[Dataset records]
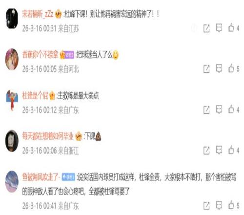 不過在輸球之後,杜鋒已經遭遇眾怒了。特別是官方在發布比賽結果之後,可以看到評論區全部都是謾罵杜鋒的,紛紛希望他下課,在最近兩場比賽已經連續出現了,確實他現在的執教一塌糊塗。
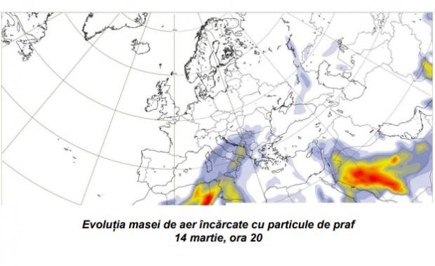 „În perioada 14 - 16 martie, circulația predominant sud-vestică a aerului va favoriza în continuare avansul dinspre nordul Africii a unei mase de aer
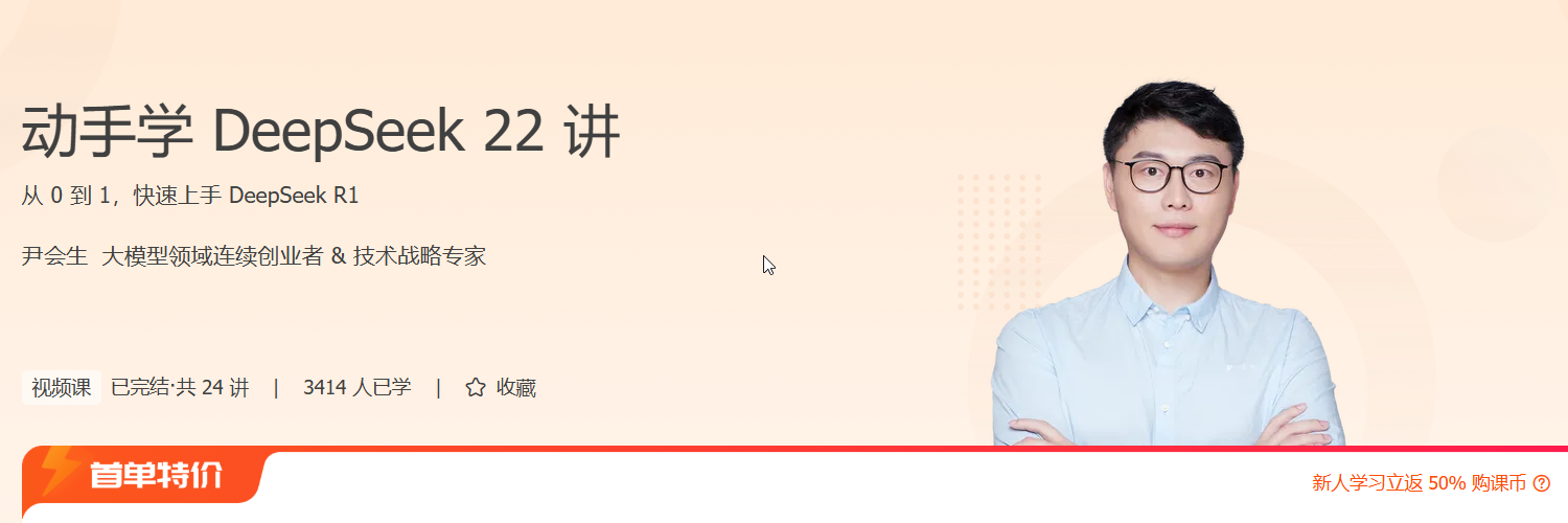 在 AI 驱动后端架构升级的浪潮中,掌握大模型开发与部署能力已成为技术突围的关键。本课程《动手学 DeepSeek 22 讲》由 AI 专家尹会生主讲,带你从零构建完整的 DeepSeek R1 应用能力体系,直击后端智能化核心场景。
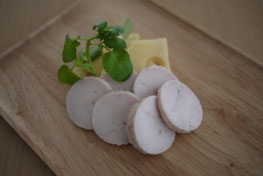 分をとり、ラップに包み両端を輪ゴムで留めてソーセー
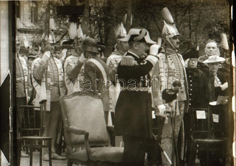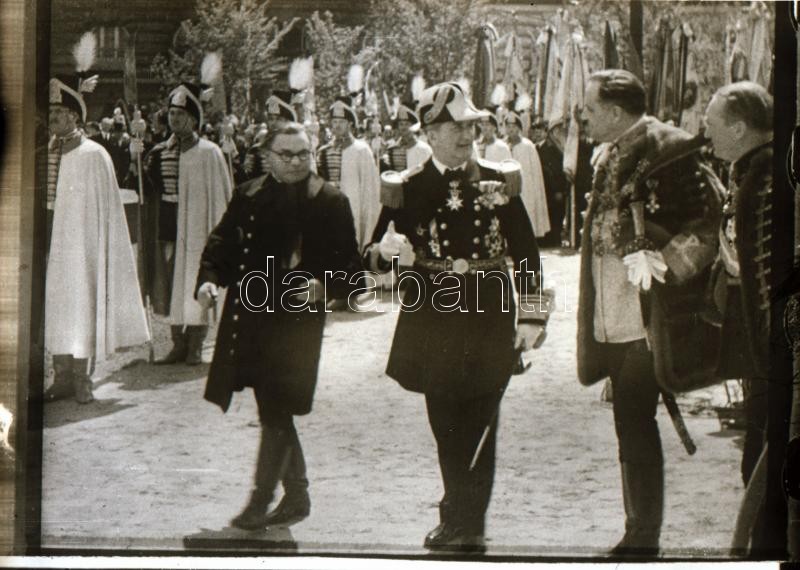 Leírás: cca 1938 Horthy Miklós és Antal István (1896-1975) miniszer koronaőrök kíséretében, 2 db üvegnegatív, 9×6 cm
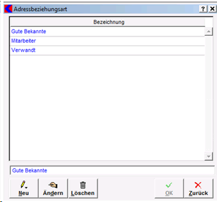AdressbeziehungsartDieses Fenster finden Sie unter Datei -> Einstellungen -> Einstellungen Stammdaten -> Einstellungen Adressen -> Adressbeziehungsstamm.
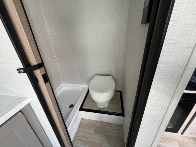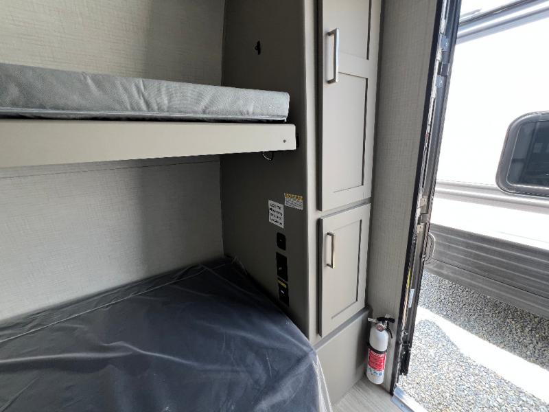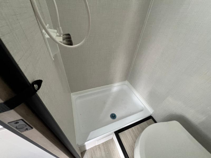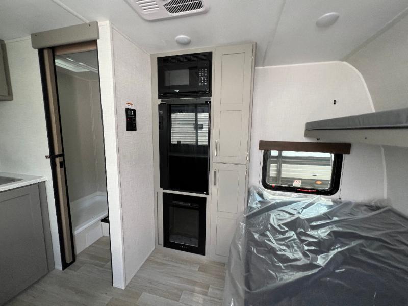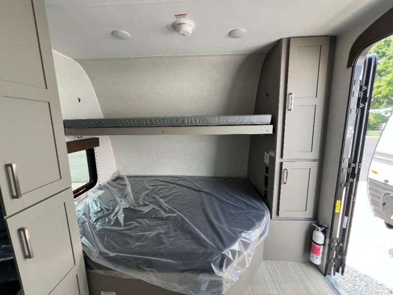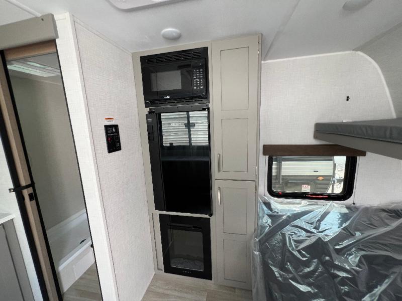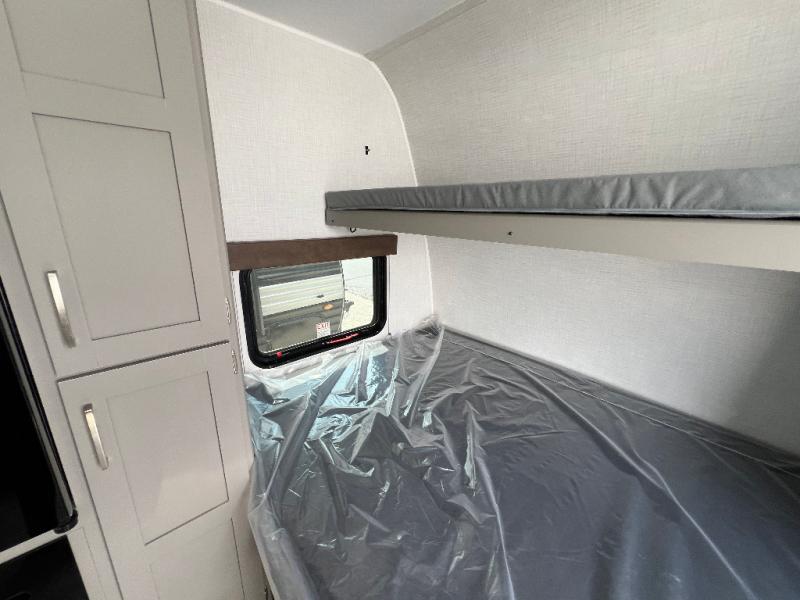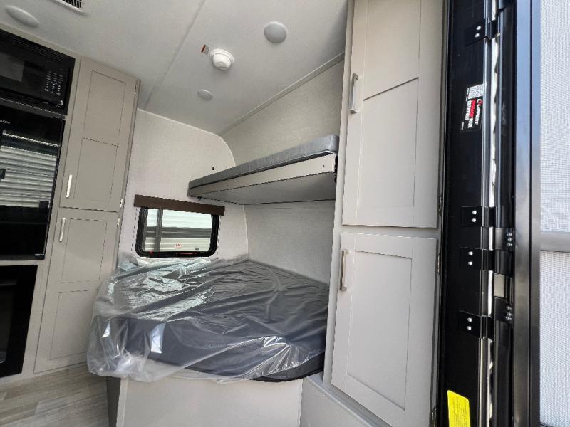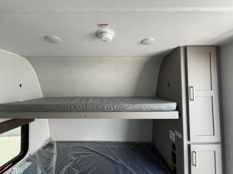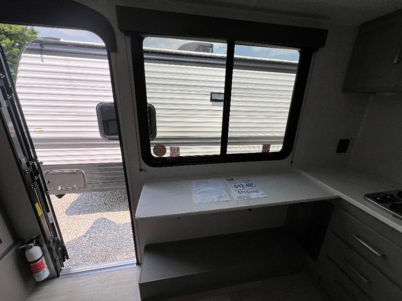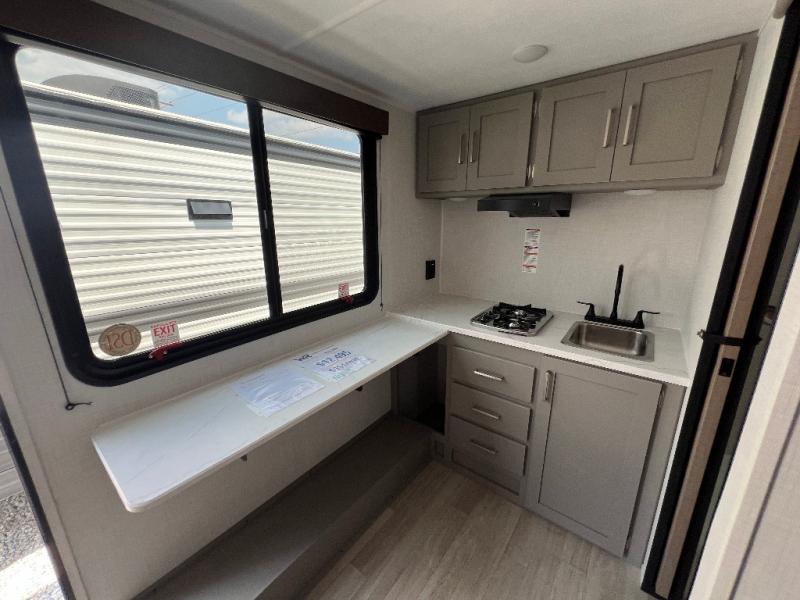 Your small crew will love camping in this lightweight travel trailer. There is a full-size bed up front with a folding bunk above plus a closet at the foot of the bed to keep your things out of the way. The two burner gas cooktop and microwave oven will let you make breakfast in the morning, and the folding table with two chairs provides a place to dine together. And a private bath with a shower and toilet lets you easily clean up after a day outdoors!

▶ **Description of the task**:
Exclude the pictures and repeat the entries word for word.

▶ **Result of the task**:
 不過在輸球之後,杜鋒已經遭遇眾怒了。特別是官方在發布比賽結果之後,可以看到評論區全部都是謾罵杜鋒的,紛紛希望他下課,在最近兩場比賽已經連續出現了,確實他現在的執教一塌糊塗。
 „În perioada 14 - 16 martie, circulația predominant sud-vestică a aerului va favoriza în continuare avansul dinspre nordul Africii a unei mase de aer
 在 AI 驱动后端架构升级的浪潮中,掌握大模型开发与部署能力已成为技术突围的关键。本课程《动手学 DeepSeek 22 讲》由 AI 专家尹会生主讲,带你从零构建完整的 DeepSeek R1 应用能力体系,直击后端智能化核心场景。
 分をとり、ラップに包み両端を輪ゴムで留めてソーセー
 Leírás: cca 1938 Horthy Miklós és Antal István (1896-1975) miniszer koronaőrök kíséretében, 2 db üvegnegatív, 9×6 cm
AdressbeziehungsartDieses Fenster finden Sie unter Datei -> Einstellungen -> Einstellungen Stammdaten -> Einstellungen Adressen -> Adressbeziehungsstamm.
 Your small crew will love camping in this lightweight travel trailer. There is a full-size bed up front with a folding bunk above plus a closet at the foot of the bed to keep your things out of the way. The two burner gas cooktop and microwave oven will let you make breakfast in the morning, and the folding table with two chairs provides a place to dine together. And a private bath with a shower and toilet lets you easily clean up after a day outdoors!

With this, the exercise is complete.